Ultimately, performance depends on the performance characteristics of the drives, the configuration of RAID groups and the type of RAID. When choosing RAID 5 (or RAID 6), it's important to consider that each host IOP has 4+ operations associated with it due to this being a partial stripe RAID 5 write or RAID 6 double stripe write. The operations read drive/read parity, recomputed parity, write drive, write parity, and reduce the effective IO rate of the drive by ¼.
Selecting a RAID type
To select a RAID type, you'll need to balance your requirements for capacity, throughput, transactional I/O and failure/rebuild performance. RAID-1/0 is the ideal configuration for databases and email, and it works well with large capacity disks. Having more writes as a percentage of total I/O in your environment? Use RAID 1/0. RAID 1/0 will give you performance consistency even during a drive failure.
For RAID-5 and RAID-6, rebuild performance can have a significant effect on storage throughput, cutting it as much as half, depending on the storage array and configuration. Scheduling rebuilds outside of production hours can offset this performance drop, but you'll sacrifice reliability. In a cluster continuous replication (CCR) environment, you can prevent the throughput reduction affecting users by moving the Mailbox server to the passive node, thereby making it the active node. If neither option is available, additional I/O throughput should be designed into the architecture to accommodate RAID-5 or RAID-6 rebuild conditions during production hours. This additional I/O throughput can be up to twice the non-failed state I/O requirements.
If your backup solution (VTL or D2D pool) needed to sustain a certain amount of data throughput, you'd have to consider how many drive resources would be needed to handle that level of 'sustained, sequential write' performance. Simply put, if your RAID array can do 350 MB/sec sustained sequential writes according to the specs, odds are those numbers are based on load balancing across all the controllers to the disk resources. You'd need to make sure there are enough drives to get you to maximum performance of the array. Usually you can do this with at least two or three 'trays' of disks. Plan on creating RAID groups for each 'channel' (data path going to the RAID controllers on the RAID array). So if you have a dual controller RAID array, you'd want to have your RAID groups evenly divided between any controllers you have.
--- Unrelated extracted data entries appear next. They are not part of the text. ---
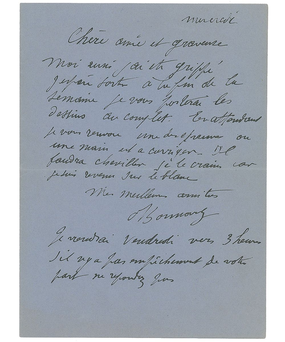 French painter and lithographer (1867–1947). He trained at the Académie Julien, then joined the group called Les Nabis, which included Denis and Vuillard, with whom he formed the intimist group. ALS in French, signed “Bonnard,” one page, 4.75 x 6.5, no date. Untranslated letter to a friend. In fine condition.
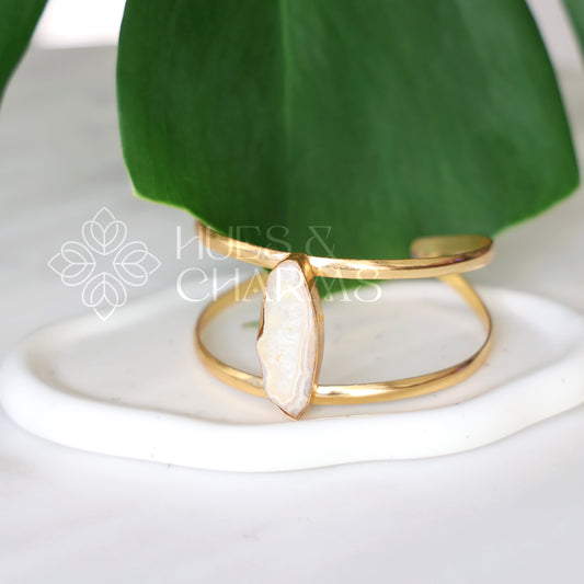 GOLDEN ELARA RAW STONE CUFF ADJUSTABLE BANGLE(COLOURS AVAILABLE)
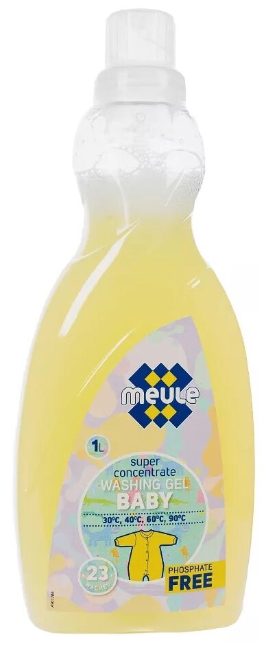 Meule Baby гипоаллергенный. Рекомендован с первых дней жизни ребенка от 0 месяцев. Подходит для людей с чувствительной кожей, не вызывает аллергии. Для всех типов ткани, включая шерсть. Для белого и цветного белья, обновляет цвет и сохраняет структуру ткани. Удаляет пятна (молоко, детское питание, каши, пюре, сок и т. д.) Великолепно отстирывает пеленки. Предупреждает образование накипи на водонагревательном элементе. Работает в широком диапазоне температур (30С-90С). Рекомендован для машинной и ручной стирки. Полностью выполаскивается.
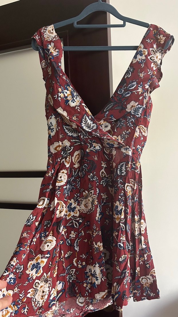 Forever 21 Bordo V Yakalı Bohem Mini Elbise
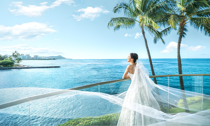 ホノルルの海とダイヤモンドヘッドを一望するふたつのチャペル。まるで海の上に浮いているかのようなパーティー会場。大理石の大階段に、花が咲き誇るセレブレーションガーデン。
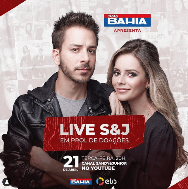 Após um convite da Casas Bahia, Sandy e Junior anunciaram que farão uma live especial na próxima terça-feira, dia 21, às 20h, no canal do YouTube da dupla. A iniciativa tem o objetivo de arrecadar doações para ajudar as pessoas que estão em vulnerabilidade devido a crise causada pelo novo coronavírus.

About the author: Joel Lovell is senior storage consultant for Storage Engine Inc. His specialty is high-performance storage and storage consolidation. He is EMC-trained in business continuity solutions, enterprise storage infrastructure and enterprise storage management. He previously was a strategic storage specialist for the Americas for Silicon Graphics and a senior systems engineer for EMC.